Nein, Go Openai bietet keine Funktion für die Zählung von Token, und es gibt keine Pläne, in Zukunft eine solche Funktion zu bieten. Wenn es jedoch eine Möglichkeit gibt, eine Token -Zählfunktion ohne Abhängigkeiten zu implementieren, ist es möglicherweise möglich, diese Funktion in Go OpenAI zusammenzufassen. Andernfalls wäre es angemessener, es in einer dedizierten Bibliothek oder einem Repository zu implementieren.
Für das Zählen von Token finden Sie möglicherweise die folgenden Links hilfreich:
Verwandte Probleme:
Ist es möglich, sich der Implementierung von GPT3 -Tokenizer anzuschließen?
Durch die Befolgung von Richtlinien hoffen wir sicherzustellen, dass Ihre Beiträge reibungslos und effizient geleistet werden.
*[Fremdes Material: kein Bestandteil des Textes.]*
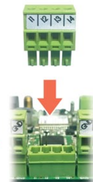
Rozłączne listwy zaciskowe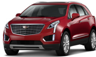
Red Passion Tintcoat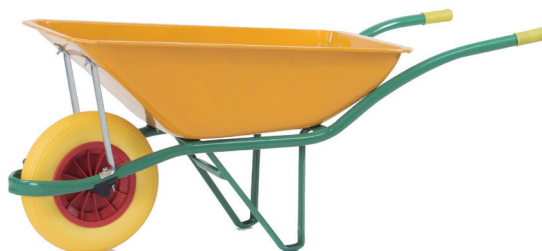
Modelo C900 | Rueda impinchable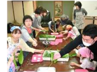
作り始めると、こども達より、お母さんお父さんの方が夢中！最後どうやって結ぶの……？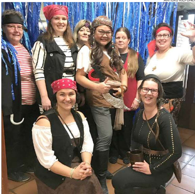
Kasvatuksen tiimi odottaa lapsia ja perheitä mukaan toimintaan. Tiimiläisiä kuvattuna 27.10.2019 järjestetystä koko perheen Merirosvoiseikkailu -tapahtumasta.

Kaiken kaikkiaan kerhotoimintaa järjestetään 12:ssa eri paikassa ympäri Sastamalaa. Seurakunnan per-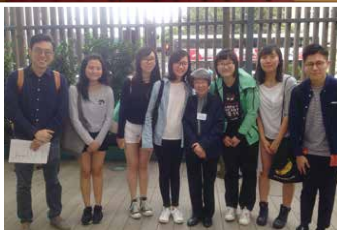
中國文學科老師及一眾學生與盧瑋鑾教授 (小思老師) (右四) 拍照留念。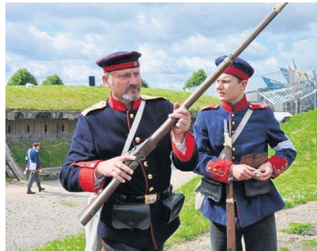
Widoczne detale umundurowania rekonstruktorów.

Rekonstruktorzy z „Tschuffa” zapewniali, że pojechali do Dybbøl raz, później drugi raz, i jak będzie okazja - chę-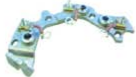
SV1808-PD27H PORTA DIODO DR1670 DELCO FAMS(+ ) 12V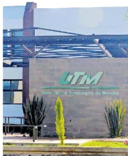
Esta misma semana se realizará una sesión de consejo de la universidad.

Tras una primera respuesta negativa de parte de la Secretaría de Finanzas, se ha continuado en busca de apoyo, primero para sacar adelante compromisos de este año, pero también para que se pueda tener ese techo financiero de forma regular en los años subsecuentes, con lo que además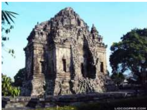
Gambar 1. Candi Kalasan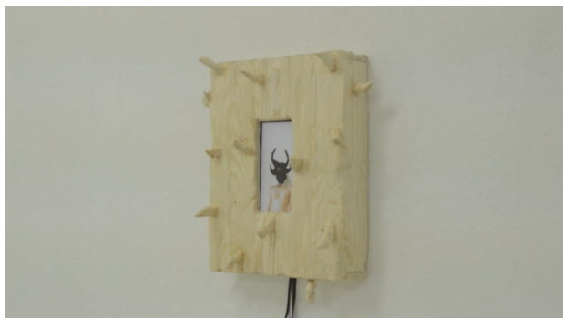
Synthetic Softness, 2024 06:20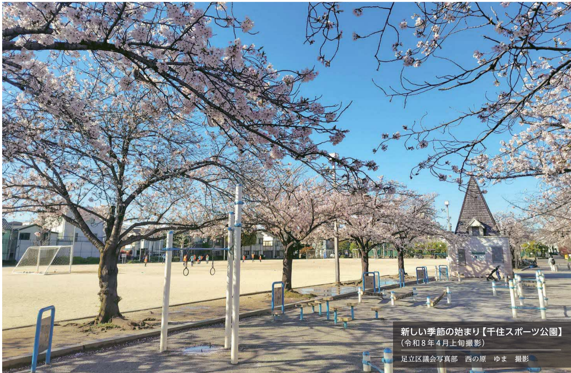
新しい季節の始まり【千住スポーツ公園】 (令和8年4月上旬撮影)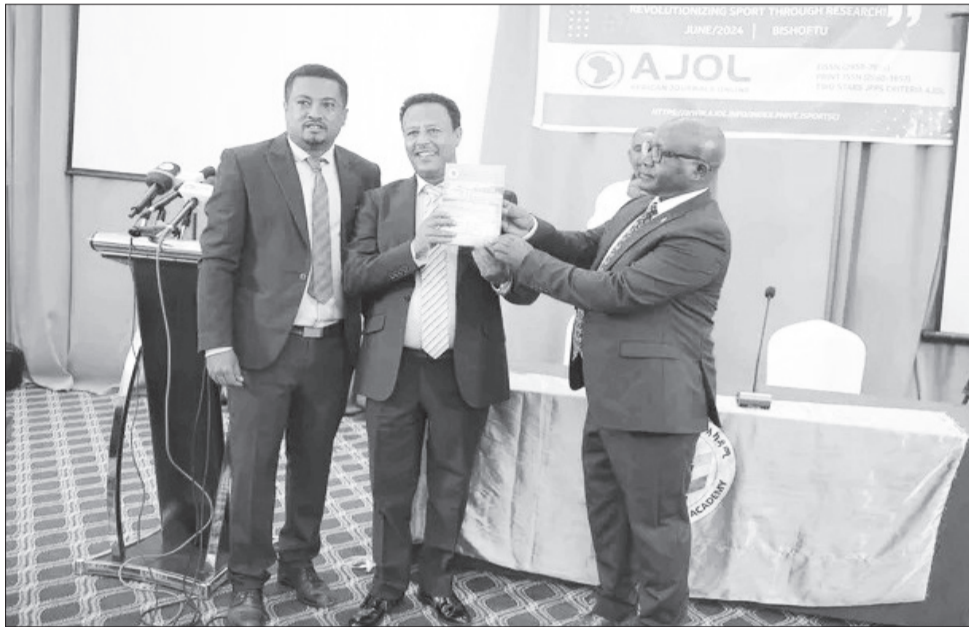
አካዳሚው በአትሌቲክስ ስፖርት የምልመላና ምዘና ሞዴል ሲያዘጋጅ በቀጣይም በአገር ካሉ ቅርጫት ካሉ ስፖርቶች ላይ መሰል ስራዎችን ይከናወናል።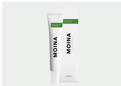
ポトリオコッセンを配合した化粧品ブランド「MOINA」。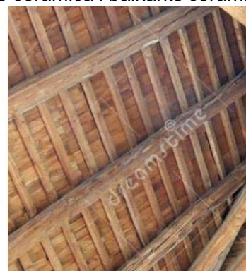
Restauració d'estructura de fusta original i nova coberta complint "CTE"

Wir möchten uns einen Moment Zeit nehmen, um den Mitwirkenden und Sponsoren dieses Projekts tiefste Dankbarkeit auszudrücken:
An euch alle: Danke. Sie haben uns geholfen, mehr zu erreichen, als wir uns jemals vorgestellt haben. Ich kann es kaum erwarten zu sehen, wohin wir als nächstes gehen!